在bash并行运行的子进程数量有限? [英] Running a limited number of child processes in parallel in bash?

查看:158
本文介绍了在bash并行运行的子进程数量有限?的处理方法,对大家解决问题具有一定的参考价值,需要的朋友们下面随着小编来一起学习吧!

问题描述

我有一个大的文件集的,需要做一些繁重的处理。
这种处理在单线程的,使用几百MIB的RAM(用于启动该作业的计算机上),并需要几分钟的时间来运行。
我现在用例是开始对输入数据Hadoop的工作,但我已经在之前其他情况下,这个相同的问题。

为了充分利用我希望能够运行多个任务,那些在paralell可用的CPU资源。

然而这样一个非常简单的例子shell脚本将垃圾的系统性能,由于过载和交换:

 找到。型F |而阅读的名字;

   some_heavy_processing_command $ {name}的&安培;
DONE

所以,我要的是本质上类似于使用gmake -j4呢。

我知道的bash支持等待命令,但只有等待,直到所有子进程已经完成。在过去,我已经创建的脚本,做了PS命令,然后用grep子进程的名字来了(是的,我知道......难看)。

什么是做我想做的最简单/清洁/最好的解决办法?


编辑:感谢弗雷德里克:是的的确这是<一个副本href=\"http://stackoverflow.com/questions/6511884/how-to-limit-number-of-threads-used-in-a-function-in-bash\">How以限制在bash函数使用的线程数
在xargs的--max-特效= 4的工作原理就像一个魅力。
(所以我投来关闭自己的问题)


解决方案

 #!在/ usr /斌/ bash的ENV设置-o显示器
#是指:在一个单独的进程中运行后台进程...
陷阱add_next_job CHLD
#执行add_next_job当我们收到一个孩子完整的信号todo_array =($(找到。型F))#地输出到一个数组指数= 0
max_jobs = 2功能add_next_job {
    #如果还是工作要做,然后添加一个
    如果[[$指数-lt $ {#todo_array [*]}]
    #计算器显然不喜欢的bash语法
    #在该散列值是否不评论 - 而这是获得它的长度bash的尴尬方式
    然后
        回声增加就业$ {todo_array [$指数]}
        do_job $ {todo_array [$指数]}&安培;
        #你想要的命令替换上面的行
        指数= $(($指数+ 1))
    科幻
}功能do_job {
    回声开始的工作$ 1
    睡眠2
}#添加初始设置工作
而[[$指数-lt $ max_jobs]

    add_next_job
DONE#等待所有作业完成
等待
回声完成

尽管如此弗雷德里克使优秀一点,xargs的不正是你想要什么......

I have a large set of files for which some heavy processing needs to be done. This processing in single threaded, uses a few hundred MiB of RAM (on the machine used to start the job) and takes a few minutes to run. My current usecase is to start a hadoop job on the input data, but I've had this same problem in other cases before.

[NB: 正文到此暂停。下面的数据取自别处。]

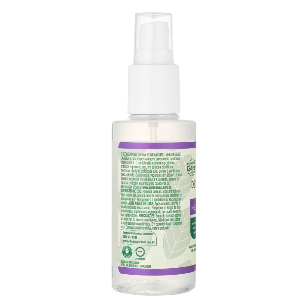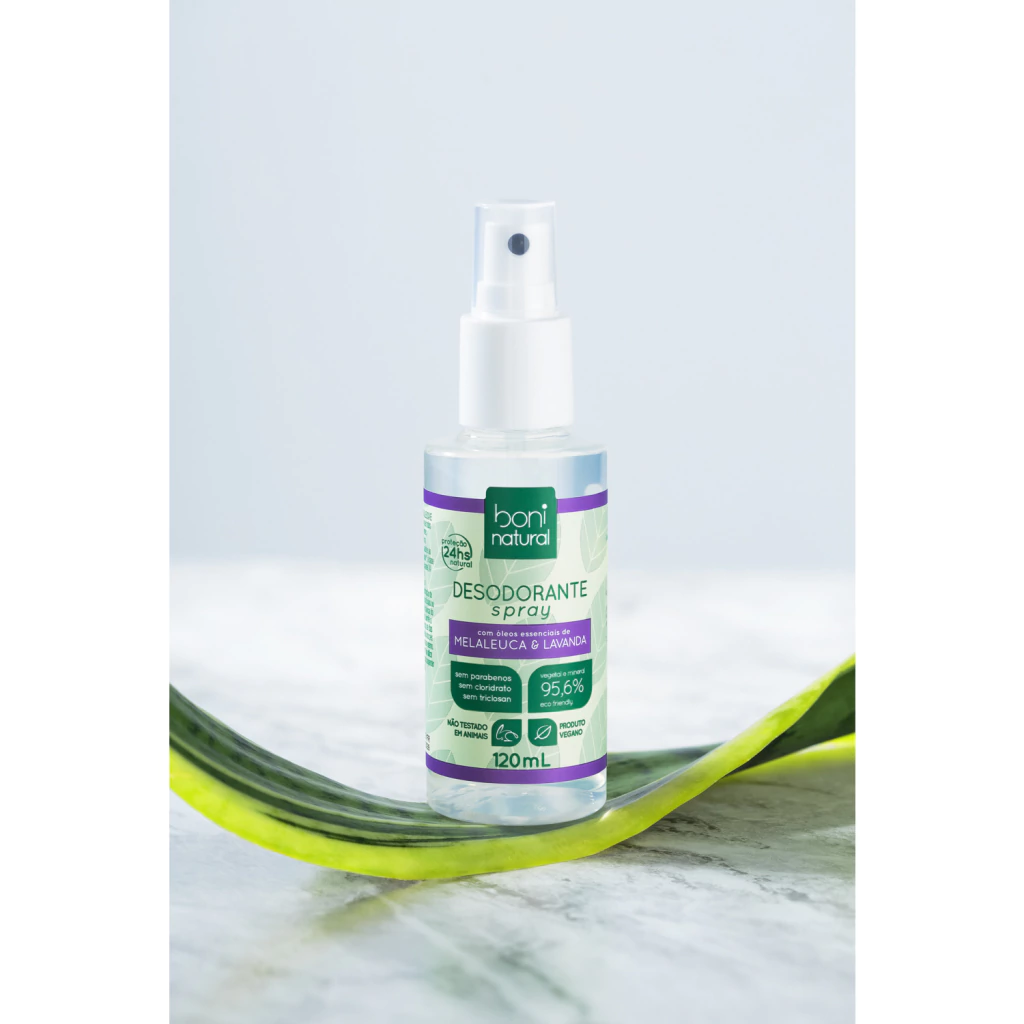 Revitalize sua rotina com o Desodorante Spray Melaleuca e Lavanda Boni Natural! Formulado com o poder da melaleuca, reconhecida por suas propriedades antibacterianas e cicatrizantes, ele ajuda a manter a pele fresca e protegida, enquanto a lavanda oferece um toque relaxante, promovendo calma e bem-estar. Juntas, essas essências criam uma combinação perfeita que proporciona proteção efetiva por 24 horas, envolvida em um aroma suave e reconfortante. Com uma fórmula livre de alumínio, parabenos, petrolatos e triclosan, este desodorante vegano é dermatologicamente testado, garantindo um cuidado seguro e gentil para a sua pele. Desfrute de uma experiência sensorial única que transforma seu dia a dia, celebrando a beleza natural com cada borrifada!
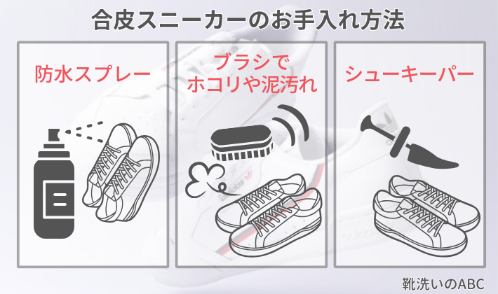 合皮スニーカーをきれいに履き続けるためにも、お手入れもかかさず行いましょう。
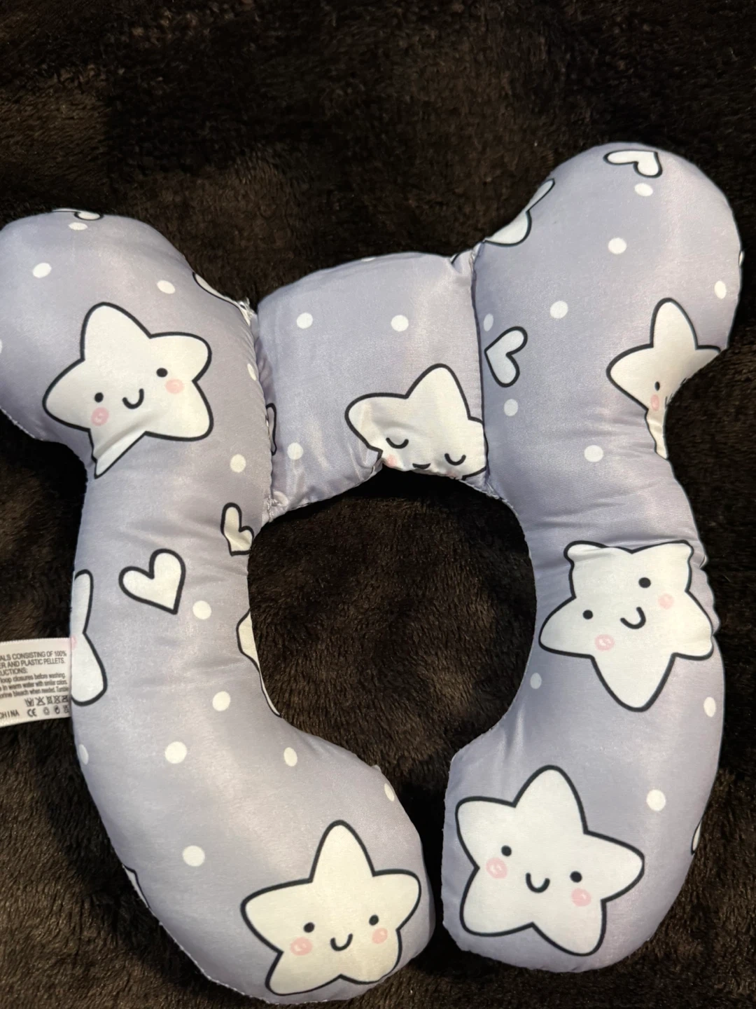 70Keep your little one comfy with this Kakiblin baby head and neck support pillow! It's designed to provide gentle support and features a cute star and heart pattern on a soft, grey fabric. Perfect for car rides or stroller walks to keep your baby snug and secure
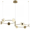 Для отделки светильников Indovero использовали оригинальное плоское стекло. Центральные вставки из латуни на стекле приглушают свет — это намного комфортнее для глаз. Арматура окрашена в цвет латунь, который делает дизайн более нейтральным и подходящим для разных помещений. Диаметр колец 45 см
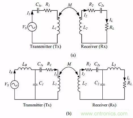 圖1:無(wú)線輸電(WPT)設(shè)計(jì)中所用補(bǔ)償電路拓?fù)溆兴姆N,這里是其中兩種:(a)SS拓?fù)洌╞)LCL-LCL拓?fù)洹?/p>
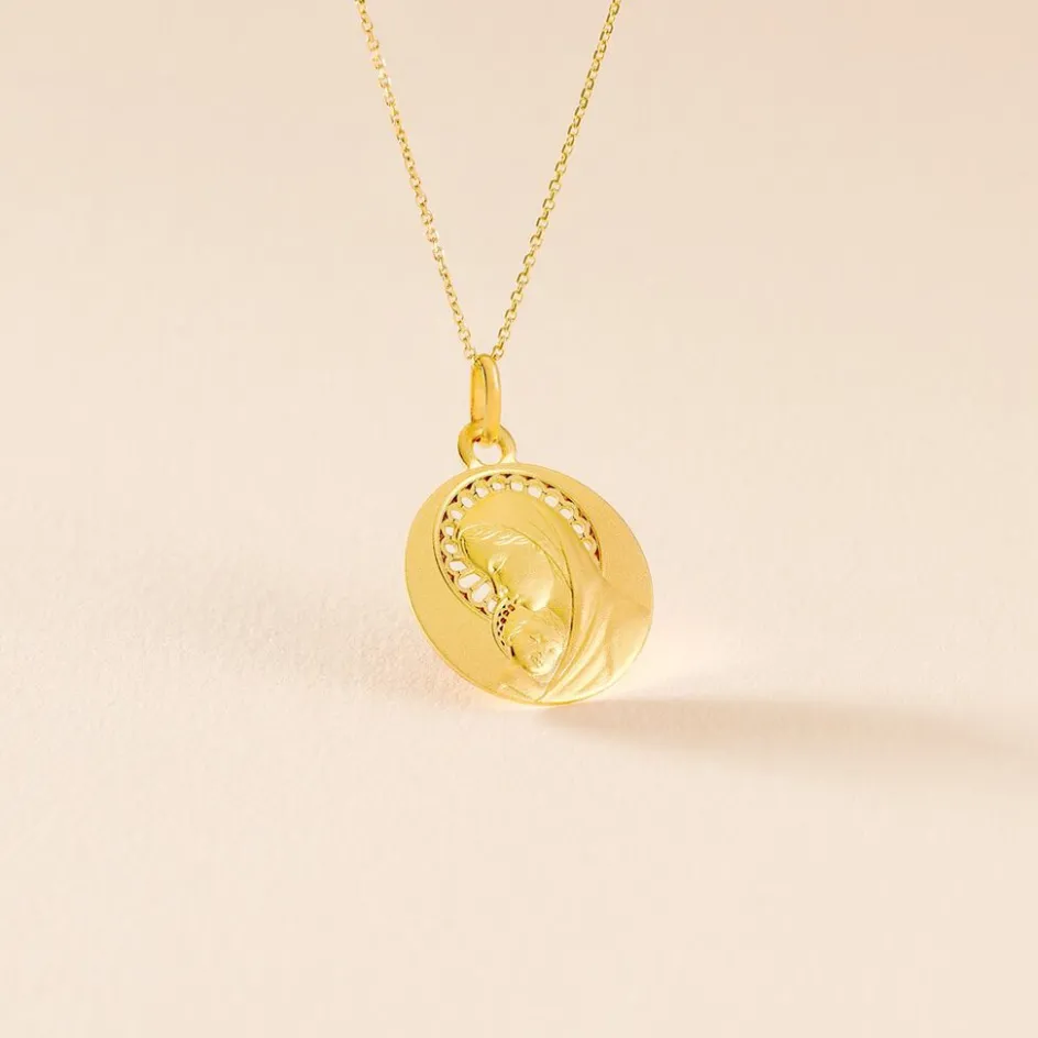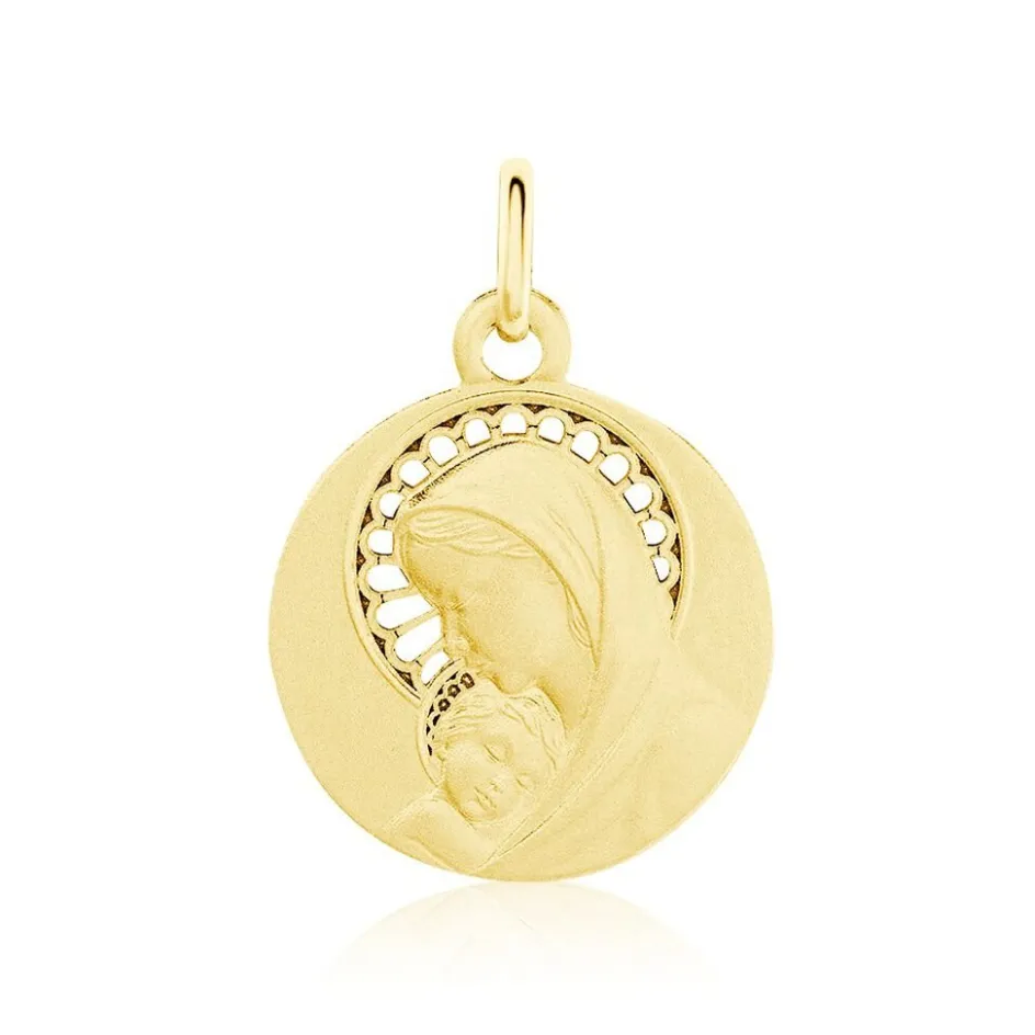 Medaille Or Jaune 750/1000 Vierge A L’enfant Effet Mat Diametre 18mm

In order to fully utilize the available CPU power I want to be able to run several those tasks in paralell.

However a very simple example shell script like this will trash the system performance due to excessive load and swapping:

find . -type f | while read name ; 
do 
   some_heavy_processing_command ${name} &
done

So what I want is essentially similar to what "gmake -j4" does.

I know bash supports the "wait" command but that only waits untill all child processes have completed. In the past I've created scripting that does a 'ps' command and then grep the child processes out by name (yes, i know ... ugly).

What is the simplest/cleanest/best solution to do what I want?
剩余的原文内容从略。